Phthalocyanine Derivatives Possessing 2‑(Morpholin-4-yl)ethoxy Groups As Potential Agents for Photodynamic Therapy

Three 2-(morpholin-4-yl)­ethoxy substituted phthalocyanines were synthesized and characterized. Phthalocyanine derivatives revealed moderate to high quantum yields of singlet oxygen production depending on the solvent applied (e.g., in DMF ranging from 0.25 to 0.53). Their photosensitizing potential for photodynamic therapy was investigated in an in vitro model using cancer cell lines. Biological test results were found particularly encouraging for the zinc­(II) phthalocyanine derivative possessing two 2-(morpholin-4-yl)­ethoxy substituents in nonperipheral positions. Cells irradiated for 20 min at 2 mW/cm2 revealed the lowest IC50 value at 0.25 μM for prostate cell line (PC3), whereas 1.47 μM was observed for human malignant melanoma (A375) cells. The cytotoxic activity in nonirradiated cells of novel phthalocyanine was found to be very low. Moreover, the cellular uptake, localization, cell cycle, apoptosis through an ELISA assay, and immunochemistry method were investigated in LNCaP cells. Our results showed that the tested photosensitizer possesses very interesting biological activity, depending on experimental conditions.

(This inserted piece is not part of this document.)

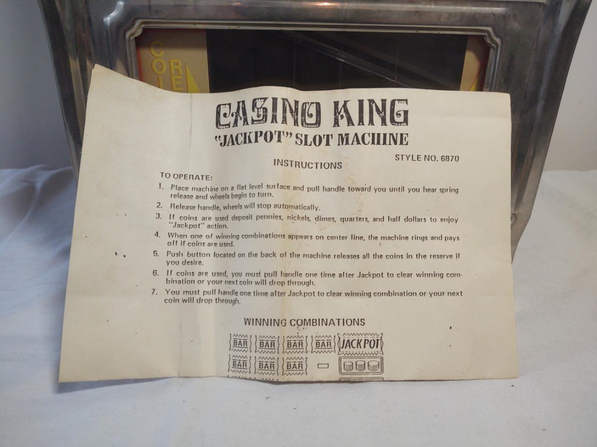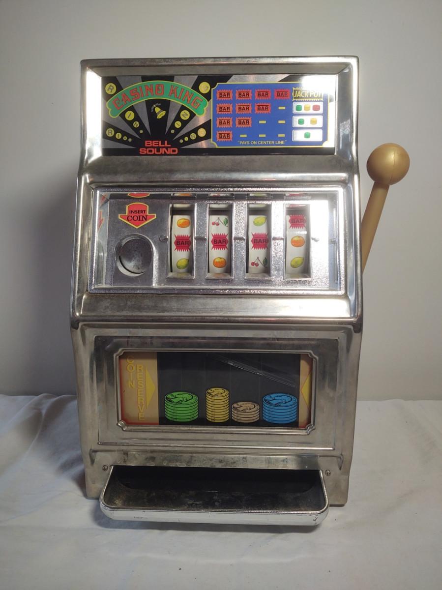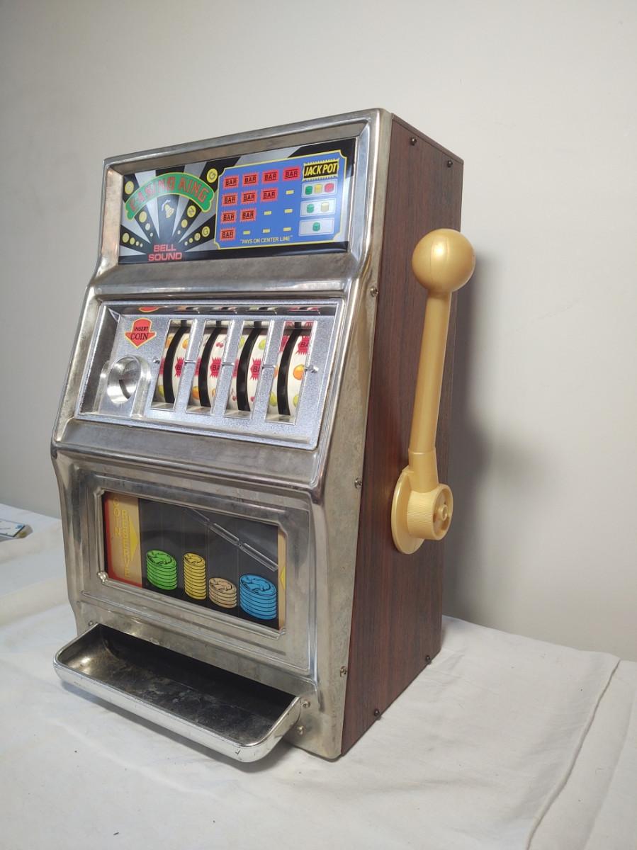 Slot machine functions normally. This is a tabletop version that is not intended for actual gaming. Manual included.

本研究合成并表征了三种带有2-(4-吗啉基)乙氧基取代基的酞菁（phthalocyanine）。这类酞菁衍生物的单线态氧生成量子产率处于中等至较高水平，具体数值取决于所用溶剂：例如在N,N-二甲基甲酰胺（DMF）中，产率范围为0.25至0.53。本研究通过癌细胞系构建体外模型，对其用于光动力疗法的光敏潜力展开了评估。生物学测试结果显示，带有两个2-(4-吗啉基)乙氧基取代基且位于非周边位的锌(II)酞菁衍生物，其效果尤为喜人。在功率密度2 mW/cm²下照射20分钟后，该衍生物对前列腺癌细胞系（PC3）的半抑制浓度（IC50）最低，仅为0.25 μM；而对人类恶性黑色素瘤细胞系（A375）的半抑制浓度则为1.47 μM。未受照射的细胞中，该新型酞菁的细胞毒活性极低。此外，本研究在LNCaP细胞系中，通过酶联免疫吸附测定（ELISA）与免疫化学法，对该衍生物的细胞摄取、亚细胞定位、细胞周期以及细胞凋亡情况展开了探究。本研究结果表明，所测试的光敏剂具备极具研究价值的生物学活性，其活性水平取决于具体实验条件。